Homepage Clovertech Forums Read Only Archives Cloverleaf Cloverleaf CL5.7 rev 2 – aix — memory leak with inbound tcp

  • Creator
    Topic
  • #52311
    Ryan Spires
    Participant

    Has anyone encountered any issues with inbound tcp/ip connections that continually bounce and reconnect between messages.

    We have an inbound tcp/ip socket (server connection) that is getting errors pretty consistantly in the process error and log…

    typically i would consider the errors informational, however, we have discovered what appears to be a potential over consumption of memory.

    Upon bouncing the process associated we had nearly 20% of our memory gained back.  Coincidental, possibly, but does cause me to look more closely

    The pdl signal exception we are getting is as follows;

    [pdl :PDL :ERR /0: fr_ghhsm_rpt:03/02/2011 13:42:34] read returned error 0 (Error 0)

    [pdl :PDL :ERR /0: fr_ghhsm_rpt:03/02/2011 13:42:34] PDL signaled exception: code 1, msg device error (remote side probably shut down)

    The connection is set to reset itself every 5 seconds if connection fails, which promptly reconnects as expected, then drops.

    I have tried setting to multi-server, however, this just causes the error to occur as frequently if not more so.

    Anyone encounter this or  have any thoughts…. —the obvious (have the vendor fix their system) comes to mind but in the meantime, i thought I would poll the group.

    thanks,

    Ryan Spires

Viewing 11 reply threads
  • Author
    Replies
    • #73751
      Bob Richardson
      Participant

      Greetings,

      We are also running CIS5.7R2 on AIX 5.3 TL12.

      This is more like an informational error that the sender has disconnected and Cloverleaf is listening for the sender to reconnect.  We have inbound interfaces where the sender only connects to send messages then disconnects leaving the Cloverleaf server in an “opening” status.

      Nothing unusual at least in our experience.

      As for the memory leak, we have not seen any so far for our inbound interfaces (we use PDL/TCP protocol).

      Have you checked that none of the TCL procedures in the process are leaking message and/or global handles?   That would contribute to memory usage creep over time.

      Hope this helps.

    • #73752
      David Barr
      Participant

      I haven’t seen problems with memory leaks related to connects and disconnects. I’d check your TCL procs to see if you’re doing something wrong there.

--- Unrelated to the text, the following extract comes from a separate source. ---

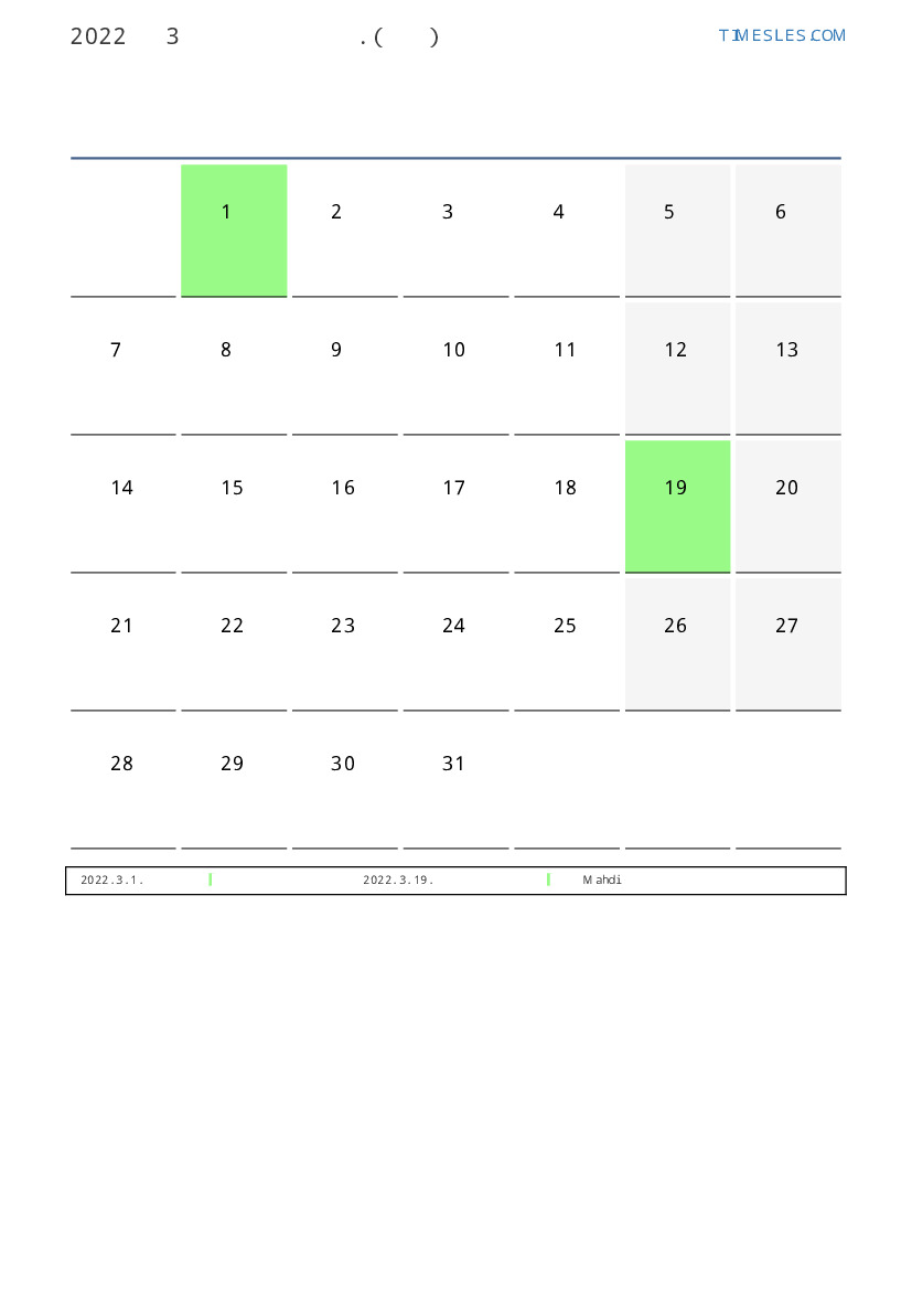 이란 용 2022 년 3월 월 공휴일 및 주말이 포함 된 PDF 캘린더 다운로드 및 인쇄

      I fixed a memory leak once that was related to an HL7 message parsing library we were using. This particular library created a new TCL command for each message that it parsed (so that it could use more of an object-oriented syntax). The people who were using this library didn’t realize that you had to call a cleanup proc to delete the new command and associated global data.

    • #73753
      Ryan Spires
      Participant

      Thanks for the replies…  I’ll check again to see, we were only using the rawHl7ack Proc and one other filter proc… no Xlate in this case….

      Only two threads in this particular process…

      Ryan Spires

    • #73754
      Bob Richardson
      Participant

      Greetings again,

      Does your raw HL7 proc use the GRM calls?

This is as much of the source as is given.